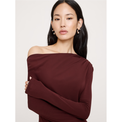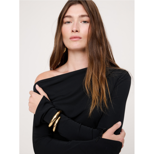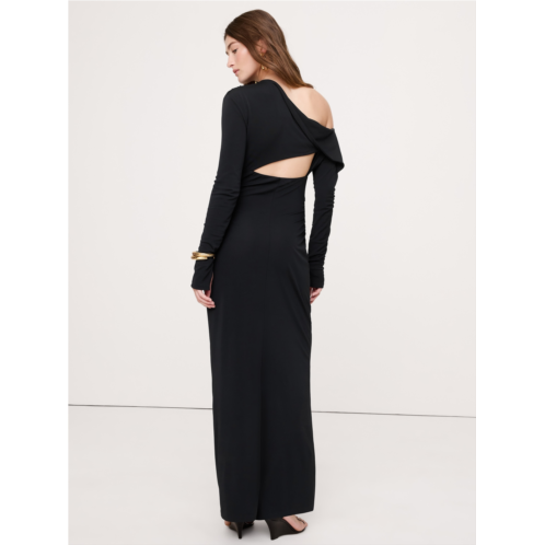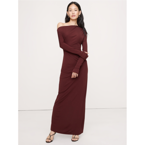 - Cut from a stretchy matte jersey, this maxi dress feels as effortless as a T-shirt but looks more dressed-up thanks to an off-shoulder neckline and cut-out detail at back.
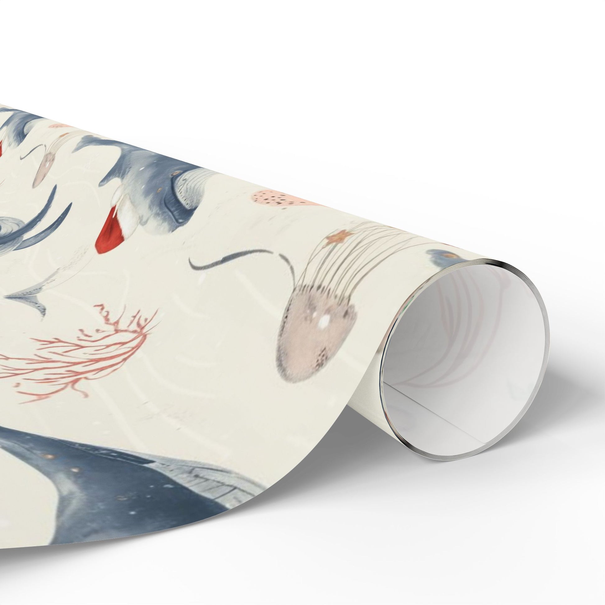 Our Under the Sea Christmas Wrapping Paper is the perfect way to bring coastal cheer to your holiday gifts. Featuring adorable whales in Santa hats, playful jellyfish, and colorful coral, this whimsical ocean-inspired design blends seaside magic with festive holiday spirit.
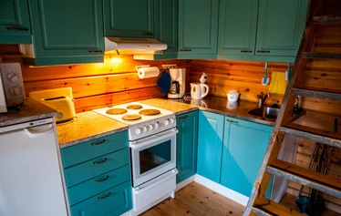 Mökistä löytyy takka, jonka loimutessa on mukava rentoutua ulkona vietetyn päivän jälkeen.
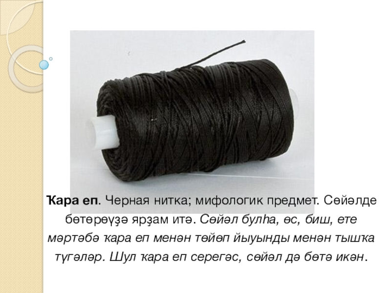 Слайд 15Ҡара еп. Черная нитка; мифологик предмет. Сөйәлде бөтөрөүҙә ярҙам итә. Сөйәл

TASK DIRECTIONS |
The expected answer is the lines from the one that has "Mökistä löytyy takka, jonka" to the end of the listing, transcribed exactly, with pictures left out and no other line added.

ANSWER BELOW |
 Mökistä löytyy takka, jonka loimutessa on mukava rentoutua ulkona vietetyn päivän jälkeen.
 Слайд 15Ҡара еп. Черная нитка; мифологик предмет. Сөйәлде бөтөрөүҙә ярҙам итә. Сөйәл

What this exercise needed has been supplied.